2016/03/29

Dia 2230


Eu havia parado o carro em algum lugar próximo á saída 39 da Fernão Dias. A última placa que vi já avisava que eu tinha saído de São Paulo/SP. Era fim de tarde, o sol amarelava a pista. Não haviam tantos outros na estrada, passava um a cada 3, 4 minutos. Eu deixei o rádio baixo tocando qualquer música aleatória enquanto a luz sunset invadia pelo painel. Fiquei pensando ali se deveria acabar com a minha vida em uma roleta russa com o .38 que estava no porta luvas. Ou se deveria acelerar o velho carro o máximo que conseguisse e puxar o freio de mão ao virar o volante para ver o mundo girar. 
É que esses fins de tarde bonitos assim são tão cruéis. Principalmente aqui nessa rodovia. Ou são as lembranças daqui quando estava no banco do passageiro e olhei para o lado. Isso tudo mata mais que uma arma ou a probabilidade do acidente. Nada é como Scar Tissue do Red Hot sabe? Não estou parado aqui para tocar um lindo solo de guitarra.
Acho que morri uma centena de vezes só no último mês. Mas eu ainda estou aqui. Eu ainda estou. E foi o fim do mundo pra mim alguns dias atrás, mas acordei no dia seguinte. É o tipo de inferno que você tem que passar para se renovar. Nessas horas as pessoas te encontram na rua e falam "Nossa, como você mudou." e não foi a barba que cresceu ou o corte de cabelo que mudou.

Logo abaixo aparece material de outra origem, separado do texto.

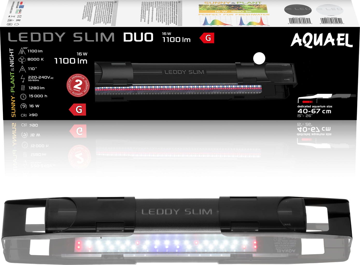 Модерният дизайн на Leddy Slim Duo е елегантно и практично допълнение към вашия аквариум и подчертава разнообразието на аквариума ви с оптималното си осветление!
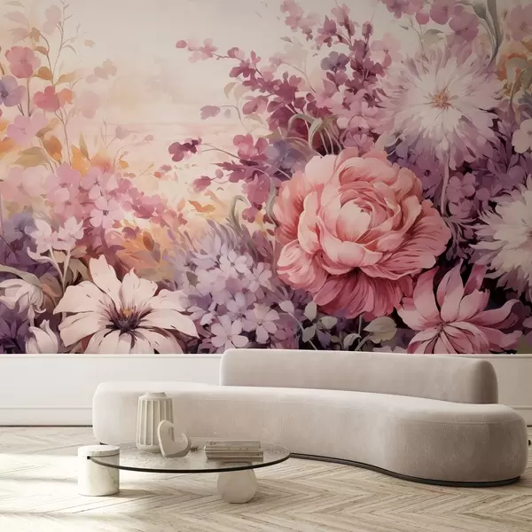 Colorful flowers in pink and purple tones: lilacs, peonies, chrysanthemums - Wall mural (No. w09039)
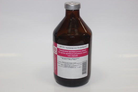 Serum against erysipelas is made from the blood of cattle and pigs that have had erysipelas. In Russia, it is produced by the Armavir Biofactory. The drug is intended for the treatment and prevention of erysipelas in pigs. Provides passive immunity for 2 weeks.
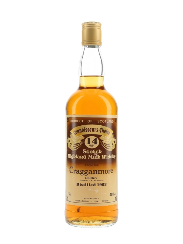 A bottle of Cragganmore 14 Year Old Scotch Highland Malt Whisky, distilled in 1968 and bottled by Gordon & MacPhail as part of the Connoisseurs Choice series.
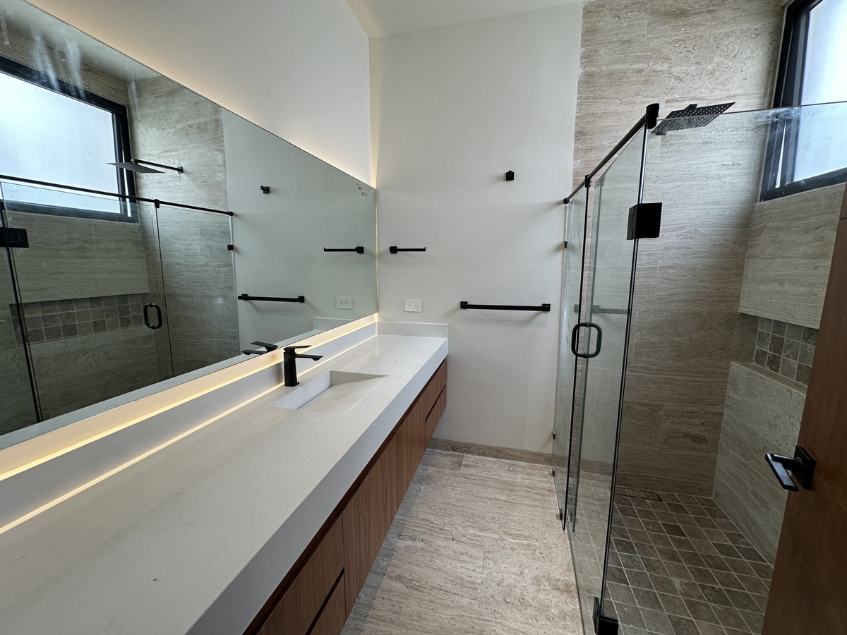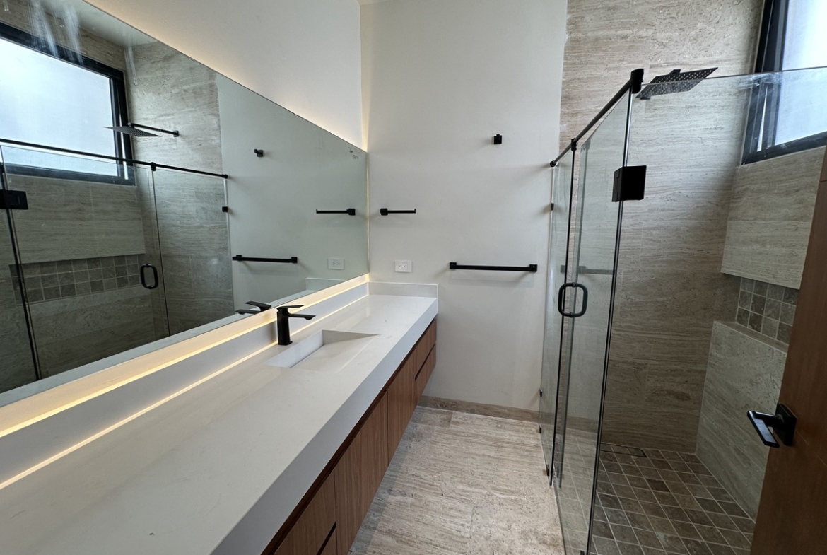 – 4 habitaciones con baño, vestidor, ventilador y mini split (1 en planta baja y 3 en planta alta).
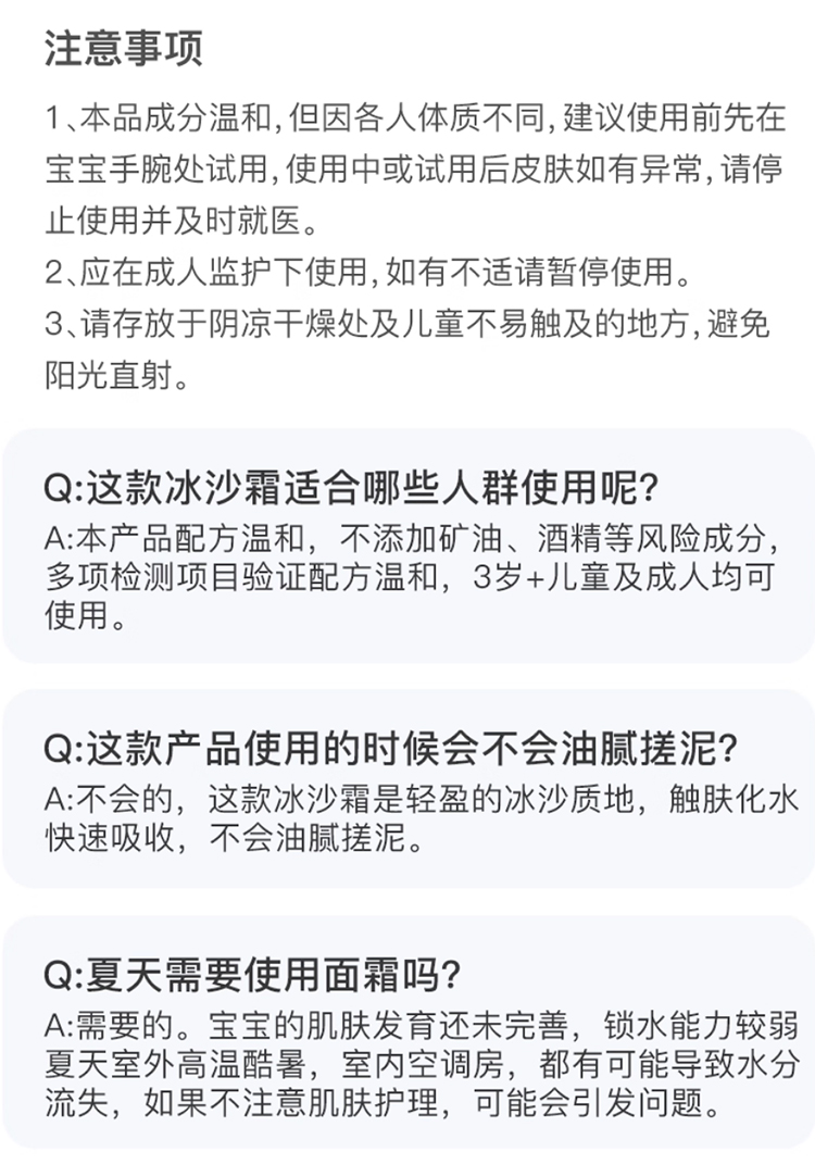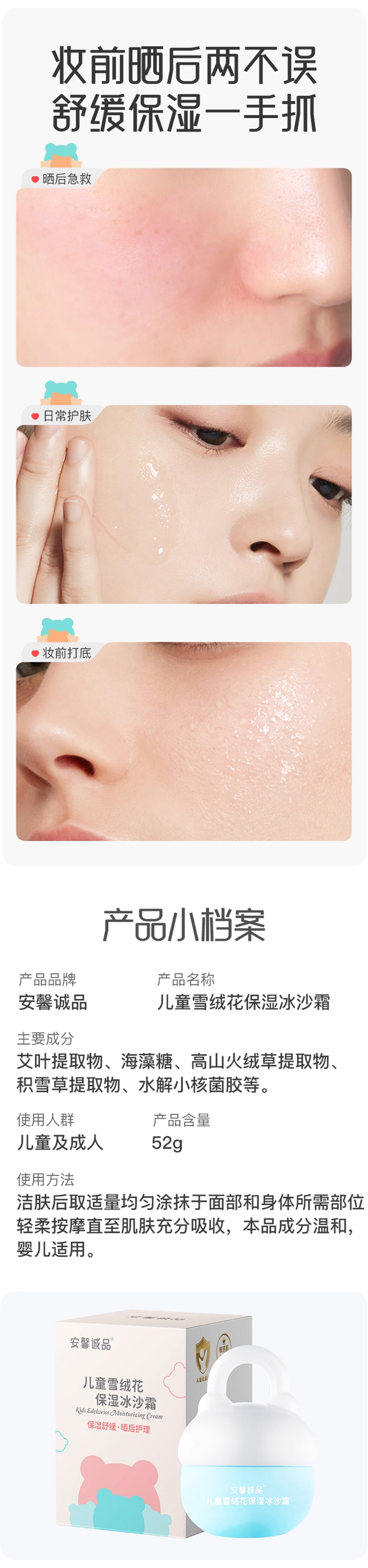安馨诚品儿童雪绒花保湿冰沙霜52g
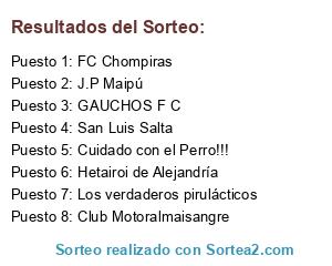 Lista de participantes: J.P Maipú, Los verdaderos pirulácticos, Club Motoralmaisangre, GAUCHOS F C, Hetairoi de Alejandría, San Luis Salta, Cuidado con el Perro!!!, FC Chompiras.
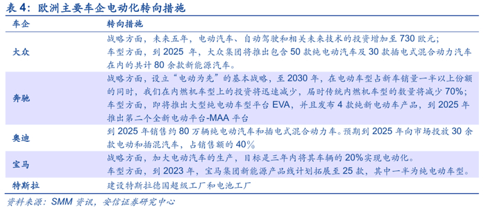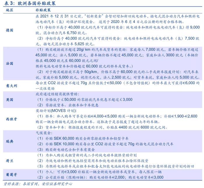 我们认为,2021年后即使欧盟补贴力度出现退坡,对欧洲新能源汽车整体发展趋势的影响也相对有限,一是考虑大众(VWAGY.US)等领头车企及配套产业在电动化方面大幅转向,欧洲供给侧质量将不断优化,二是欧洲节能环保意识深入人心,即使补贴力度有所衰减也难改电动化大势。
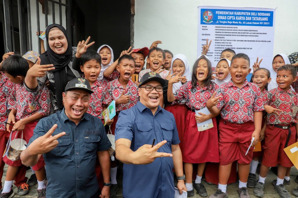 Ditempat terpisah, Bupati dan Wakil Bupati bersama rombongan juga menyempatkan diri memimpin Ground Breaking rehabilitasi toilet di 540 Sekolah Dasar dan SMP se Kabupaten Deli Serdang secara virtual yang dipusatkan di sekolah SDN 104207 desa Cinta Damai, Kecamatan Percut Sei Tuan.
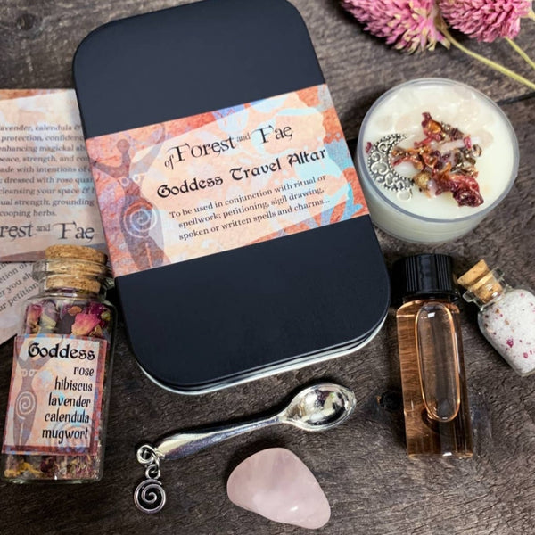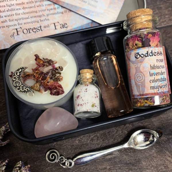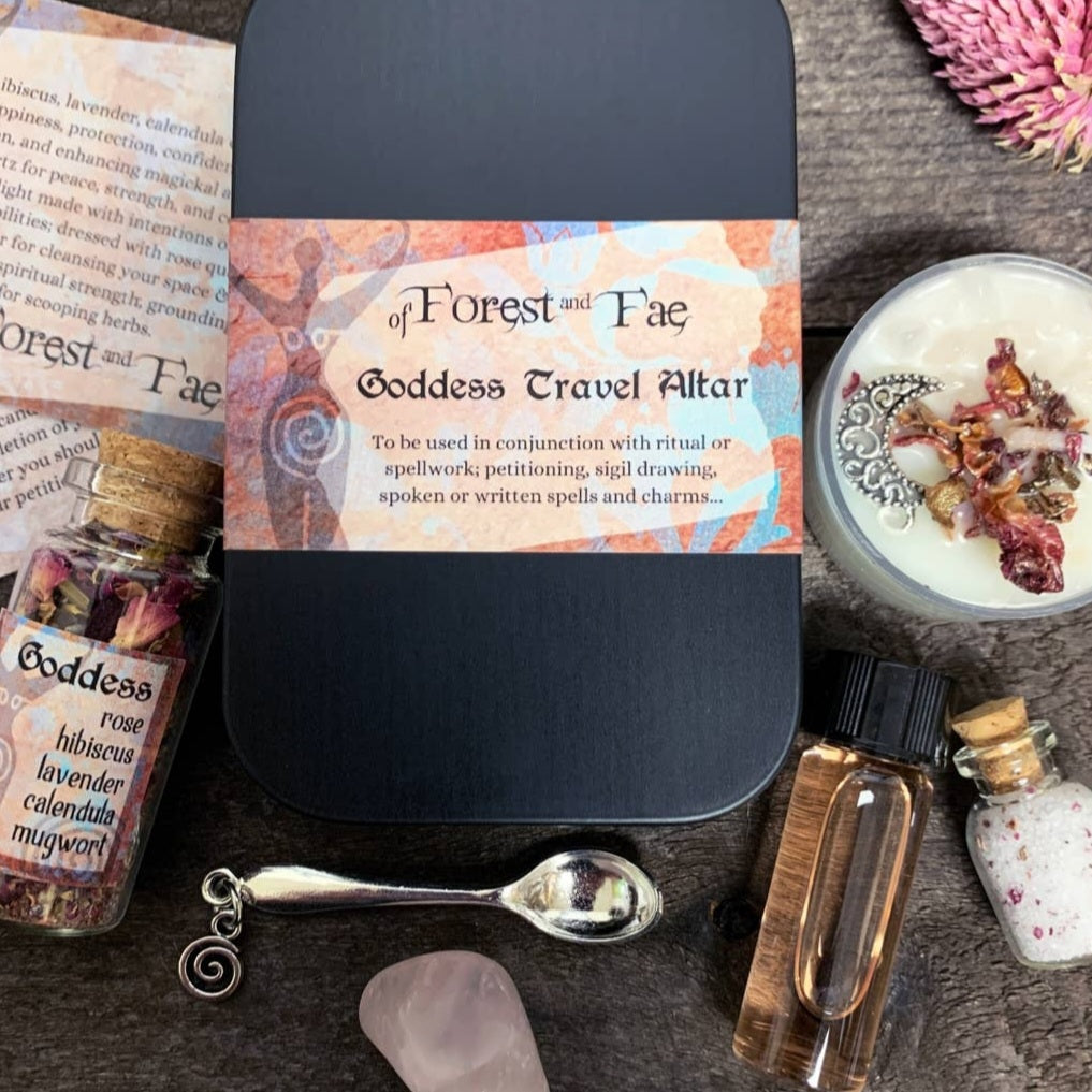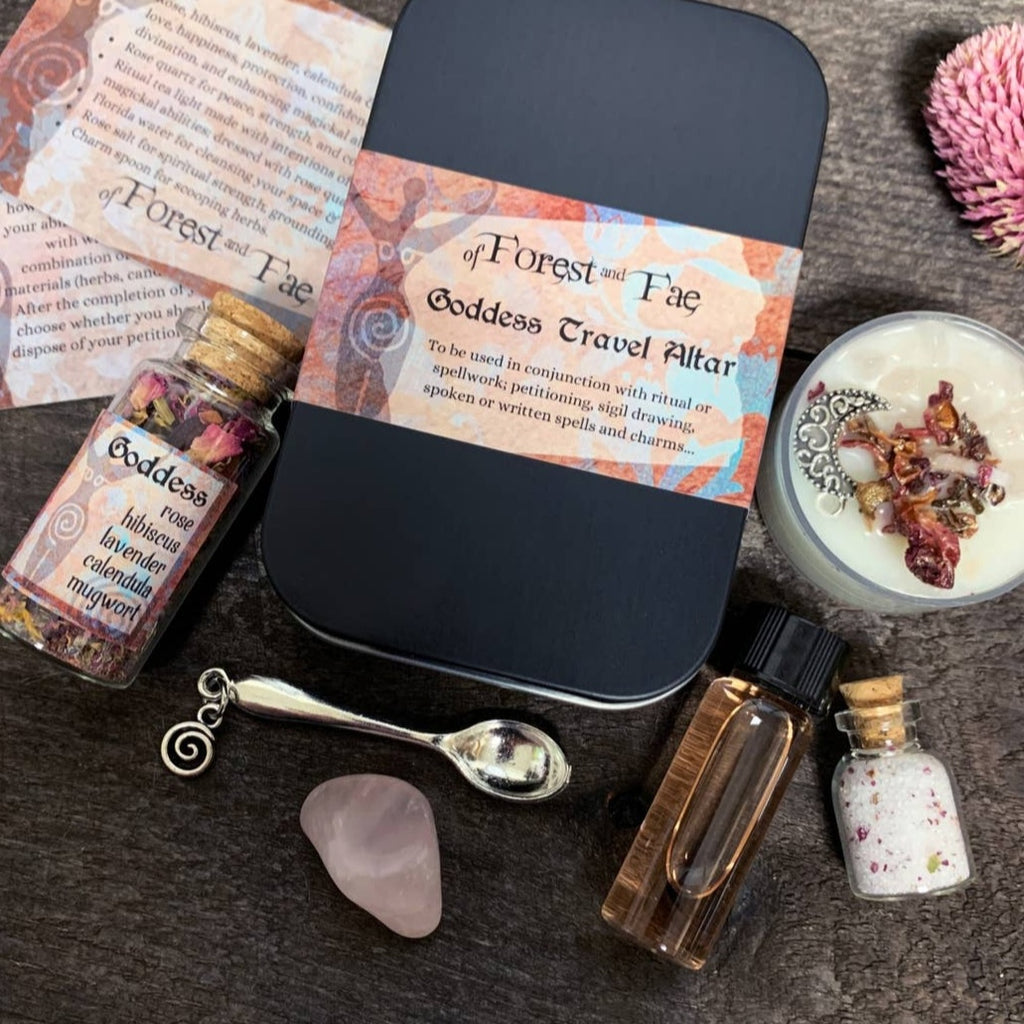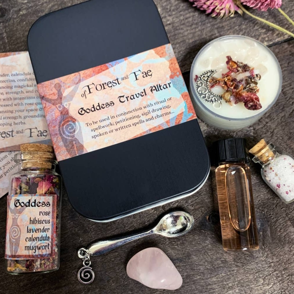 Bring the magic to your home with this Goddess miniature altar kit! This all-in-one package includes rose quartz, a candle, herbs, salt, Florida water, and a small spoon to help make your practice complete. A perfect gift for anyone looking to bring a little bit of mystery and power into their lives!
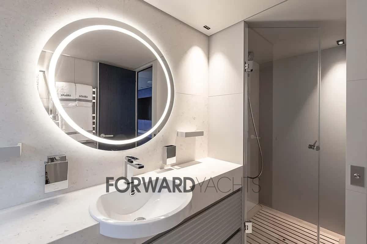 This superyacht in particular has a bright and comfortable saloon with panoramic windows and large outdoor spaces. The fly bridge is complete with a dining table, sundeck and jacuzzi. Equipped with 4 1,200Hp Volvo Penta IPS engines, for a maximum speed of 27 knots and comfortable navigation at 23 knots, ensuring exceptional efficiency, low fuel consumption and manoeuvrability.
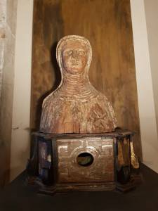 – il reliquiario in legno (XV secolo) che rappresenta Santa Ubaldesca (1136-1205), una santa monaca originaria della campagna pisana (Calcinaia) che, operando nell’ospedale adiacente alla chiesa, dedicò la sua vita alla cura di ammalati e pellegrini. Si tratta di una figura molto popolare soprattutto nelle campagne, che gode tuttora di grande devozione.
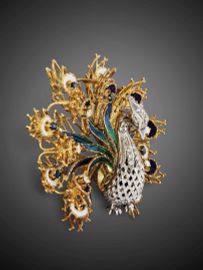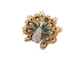 a forma di pavone, decorato con smalti policromi, impreziosito da diamanti taglio brillante per ct 0.30 circa e piccoli zaffiri, punzoni 750 e del fabbricante, dim. cm 5,5x5,5, g 47
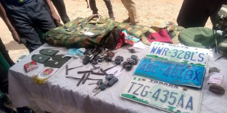 Others items included fabricated master keys, five bunches of motor vehicle keys, Nigerian Army Identity card with rank of Major and three sets of motor vehicle plate numbers.
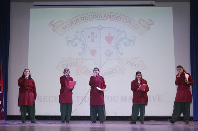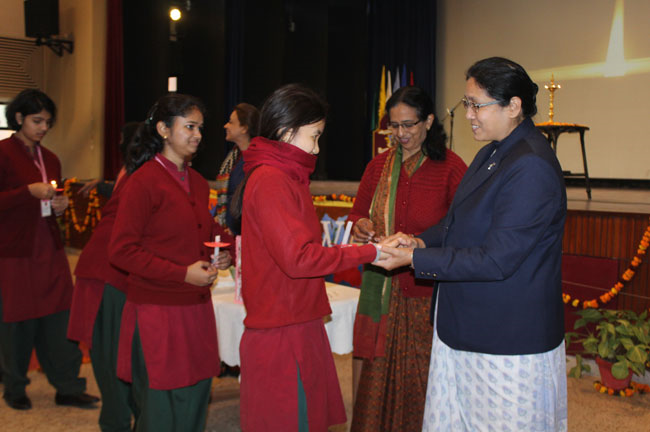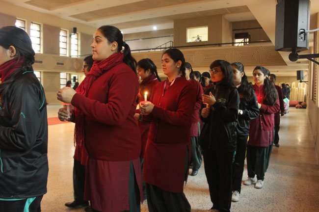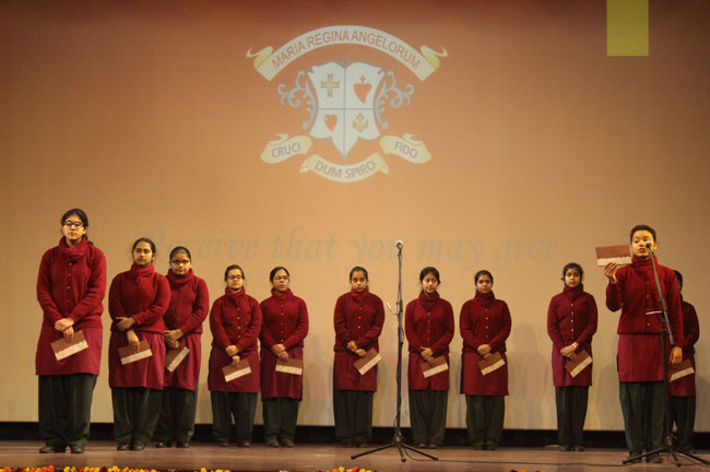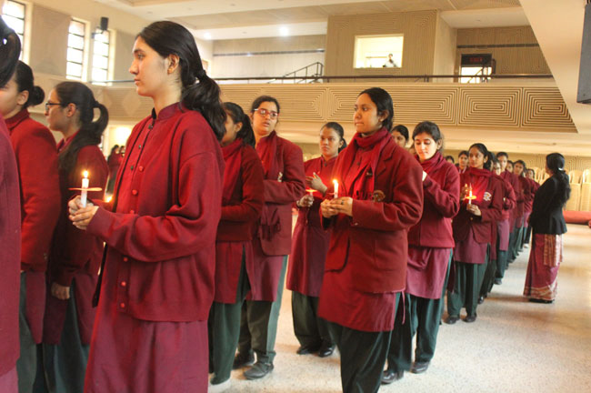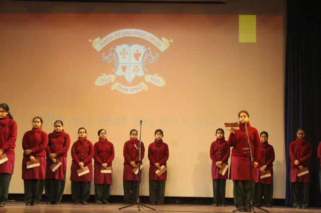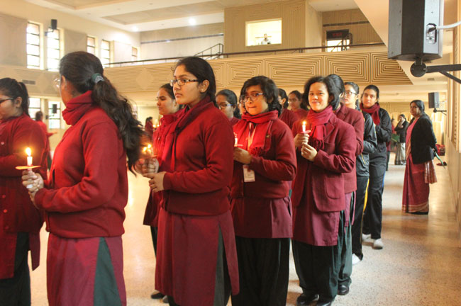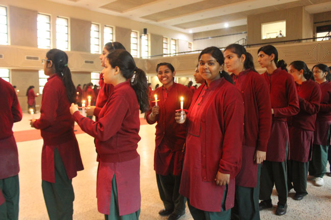 The students of class XI and XII reassembled for the Candle Light Ceremony in the Mary Ward Auditorium. Sr. Antoinette, Sr. Archana and the faculty members conducted a prayer assembly and acquainted them with essential values enumerated in the scriptures which would hold them in good stead for the rest of their lives.
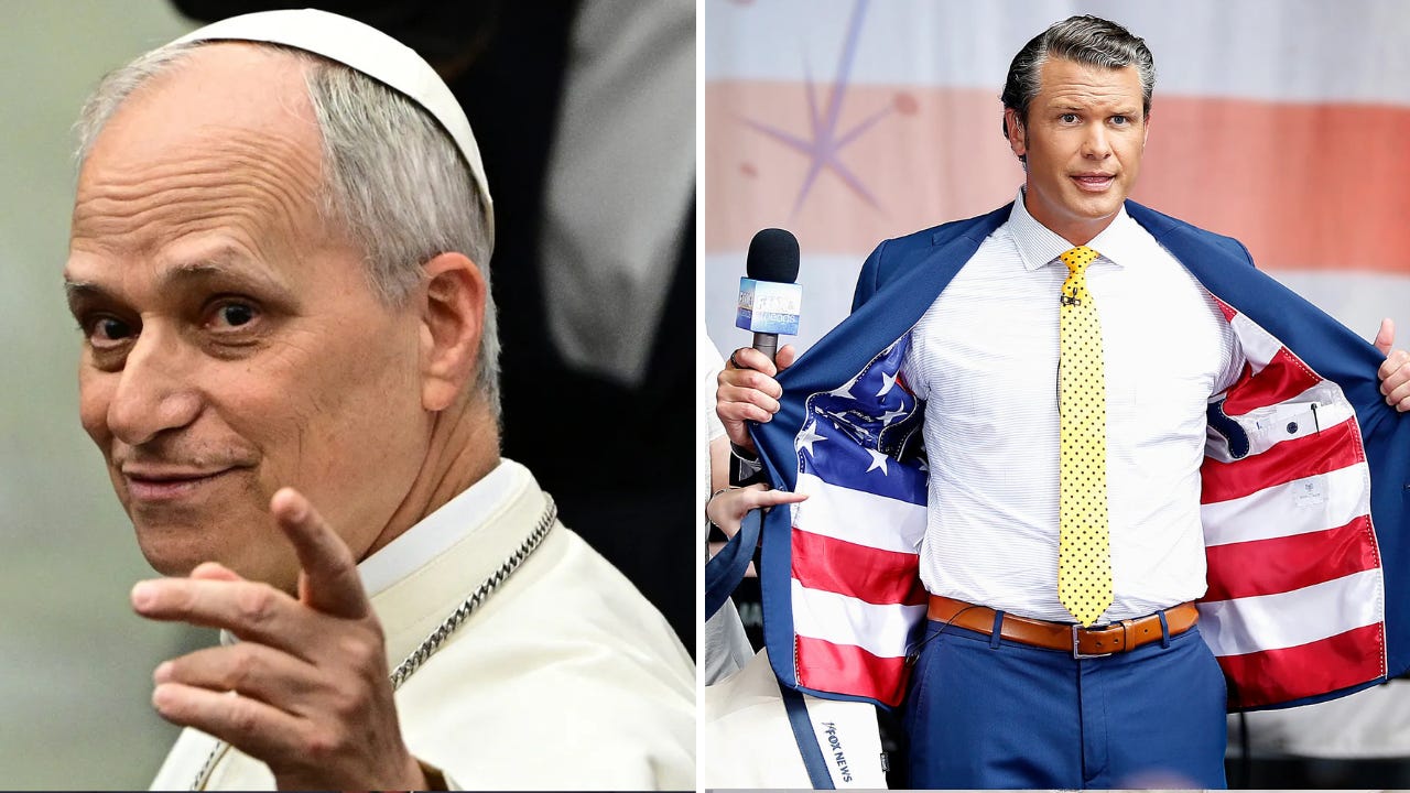 Former Fox weekend host–turned Trump defense chief draws fire from the first American pope.

Foi do lado de dentro cara, foi sua alma que cresceu e ficou mais forte. 
É bonito de se ver alguém de alma limpa, sem maiores pesos de vidas passadas pra carregar. Sem tristezas para se lamentar. A pessoa ri e você sorri de volta. Simples assim. Uma hora o fim do mundo acaba e quando acabar não vai parecer o fim, vai ser mais um começo na verdade. Ou recomeço.
Pisei na embreagem, engatei a primeira e fui saindo devagar. Aumentei mais o som e abri as janelas. Era Californication que tocava na hora e só conseguia cantar as partes "Esta é a margem do mundo" e "Case comigo garota seja uma fada para o meu mundo, seja a minha própria constelação." Aumentei a marcha, aumentei a velocidade, aumentei o tom ao cantar. Me senti vivo, finalmente. E a estrada me engolia um pouco a cada quilômetro mas eu não ligava. Que me tragam enfim, o horizonte.